How does China’s current-day empire manifest itself?
China’s current-day empire is a very artificial construct that only dates to the Qing dynasty, the Manchus. It’s a construction of empire that the Party is obsessed with keeping together, expanding or reclaiming, like in the case of Taiwan and expanding in the South China Sea.
And America?
The American empire is different. The Americans after World War Two constructed this empire based on several things: one is the power of its economy and the dollar. Its place in the global financial system allows it to exert great influence in other nations. [Then the] idea of military power through a navy: you have to maintain at least a string of territories you control that can deploy your military quickly throughout the world. They hold onto certain strategic spots of land or form treaties with other countries to have military bases, like South Korea or Japan. Also, [the US] exerts huge influence through its institutions like the World Bank.
How does the future look for both China and the States?
China is posing a strong challenge to America’s place in the world.

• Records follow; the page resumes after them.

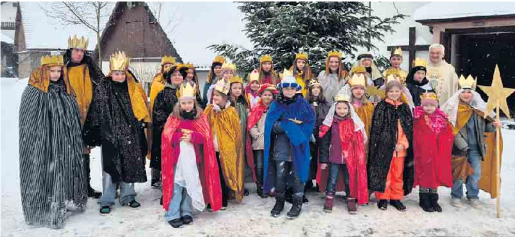
Sternsinger Titmaringhausen, Deifeld und Referringhausen.

Unter dem Motto „Schule statt Fabrik - Sternsingen gegen Kinderarbeit“ sammelten zwölf Sternsinger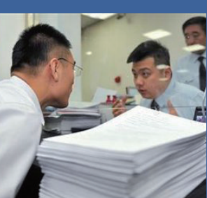
立案登记制将更多的社会矛盾纳入法治渠道解决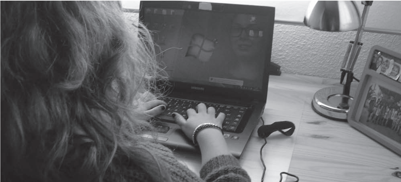
El uso de las redes sociales están a la orden del día entre los adolescentes y jóvenes

La próxima semana habrá acceso a la información a través de facebook, twitter y tuenti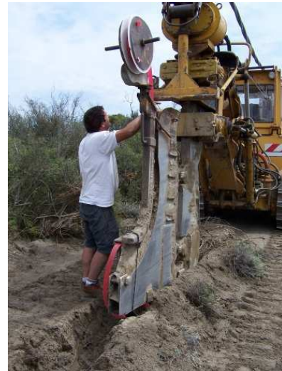
Machine utilisée pour enfouir les 3,5 km de câbles

Il s'agit d'enfouir une portion de ligne électrique d'une longueur de 3,5 km pour éviter les problèmes de collision des Flamants roses avec les câbles, ainsi que la dégradation régulière des habitats naturels à proximité (incendies). Cette action améliorera également la qualité paysagère pour la visite touristique du Salin.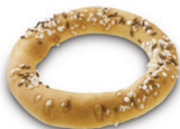
5801 | Preclík | 25 g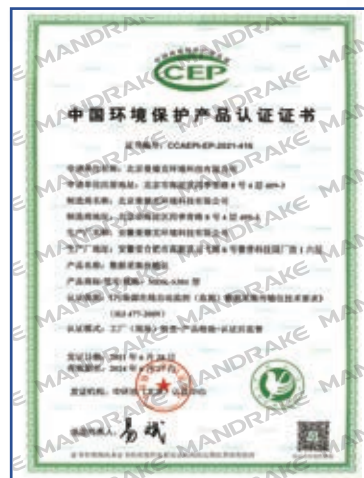
MDK-S301型数据采集 传输仪环保认证

It seemed like America was on its way to becoming this uncontested power in the world after the fall of the Soviet Union, with unchallenged ideas that will take root around the world. But, of course, we all know that was an illusion and it gave America and its allies a false sense of optimism.
What does your father think about China today, all these years later?
He still cares about the direction of China. But I think he has a feeling of anxiety: the more autocratic rule that is in place now has many echoes of the Mao era. Xi Jinping has concentrated a lot of power within himself… that concentration of power within a single person, especially as they get older, it’s very, very dangerous for a country.
On a more personal note, has writing this book made you evaluate your own roots?
I’ve thought about to what degree we want to implant ties or roots to another country in children. My parents never did that to me: it’s not like they said I should study Chinese or bring me back to China to see it. In some ways I went to the other extreme: I was so invested in finding out more about it, I lived there for almost a decade and wrote a book about it.
It wasn’t the reason I started to write, but at some point I realized that this will be a document for [my daughter] Aria.